After the 1965 season, Jaquess's career became intertwined with a long running financial dispute involving the San Diego Chargers' coach Sid Gillman and the Chargers' All-AFL defensive linemen Ernie Ladd and Earl Faison. In mid-January 1966, during the second half of the AFL All-Star Game, Gillman traded Ladd and Faison to the Houston Oilers, owned by Bud Adams, for Jaquess, Johnny Baker and Gary Cutsinger. Gillman simultaneously said he had been forced to make the trade because Adams had tampered with Ladd and Faison by making them substantial financial offers if they joined the Oilers. AFL Commissioner Joe Foss soon voided the trade because of the alleged tampering. Ladd and Faison became free agents in May, and Ladd later signed with the Oilers in early June 1966. This required the Oilers to compensate the Chargers under the AFL's rules. Less than two weeks later, new AFL Commissioner Al Davis awarded Jaquess and Oilers' tight end Willie Frazier to the Chargers as compensation for losing Ladd.

=== Miami Dolphins and Denver Broncos ===
In mid-August 1966, the Chargers released Jaquess. Jaquess then signed with the Miami Dolphins before the start of the 1966 season, and started 10 games that season at free safety. He came in as a reserve in the second game of the season against the New York Jets, and intercepted a pass thrown by future Hall of Fame quarterback Joe Namath. He returned the interception 27 yards for a touchdown. He became a starter in the season's fourth game, against the Chargers. In that game, Jacquess intercepted a pass thrown by four-time AFL All-Star and two-time Pro Bowl quarterback John Hadl. Overall that season he had three interceptions, and returned five kickoffs.

Jaquess was with the Dolphins for seven games in 1967, starting five at strong safety. The Dolphins waived him in early November, and within two days Jaquess signed with the Denver Broncos. He was with the Broncos for three games as a reserve defensive back that season.
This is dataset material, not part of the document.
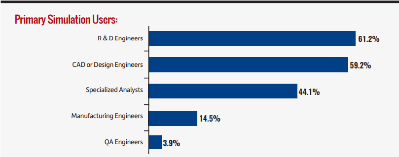 報告顯示,涉及生產制造的部門均需要不同程度地使用仿真,包括研發工程師、CAD/設計工程師、高級分析師、質保工程師、制造工程師等。近一半的受訪者表示公司已在工程內部部署仿真并將其作為產品開發的一部分,仿真主要服務的用戶為研發工程師(61.2%)、其次為CAD/設計工程師(59.2%)。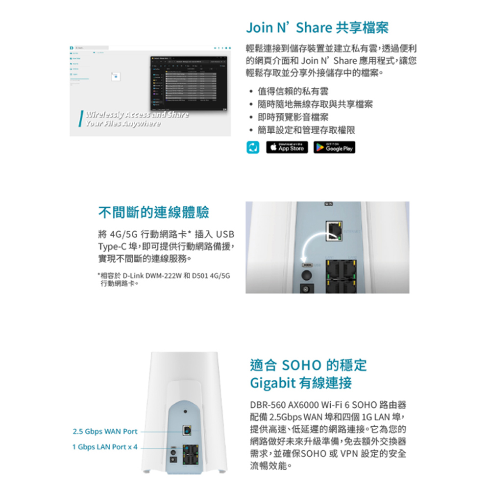 -多功能性,實現穩定連接 : 乙太網路WAN連接埠和用於4G/5G行動網路卡的USB連接埠提供備援的互聯網連接。

In 1968, Jaquess started 11 games at strong safety for the Broncos. He had a team-leading five interceptions. Among these were interceptions against Namath and Hadl again; as well as future Hall of Fame Dolphins' quarterback Bob Griese. He had interceptions against Hadl in both games against the Chargers that season. In 1969, he played seven games for the Broncos as a reserve defensive back, with one fumble recovery that season. In his final professional season, and first in the NFL after the AFL–NFL merger (1970), Jaquess started two of the 13 games in which he appeared, as a defensive back.

The Broncos released Jacquess on September 7, 1971. Over his seven year career, Jaquess appeared in 85 games, started 46 and had 16 interceptions, two of which he returned for touchdowns.

== Honors ==
In 1984, Jaquess was inducted into the Eastern New Mexico University Hall of Honors.

== Personal life ==
After graduating from Eastern New Mexico University in 1964, in 1969, Jaquess received a Masters of Education degree from ENMU. He, his wife Berta and two children moved to El Cajon, California (near San Diego), where he became a general contractor.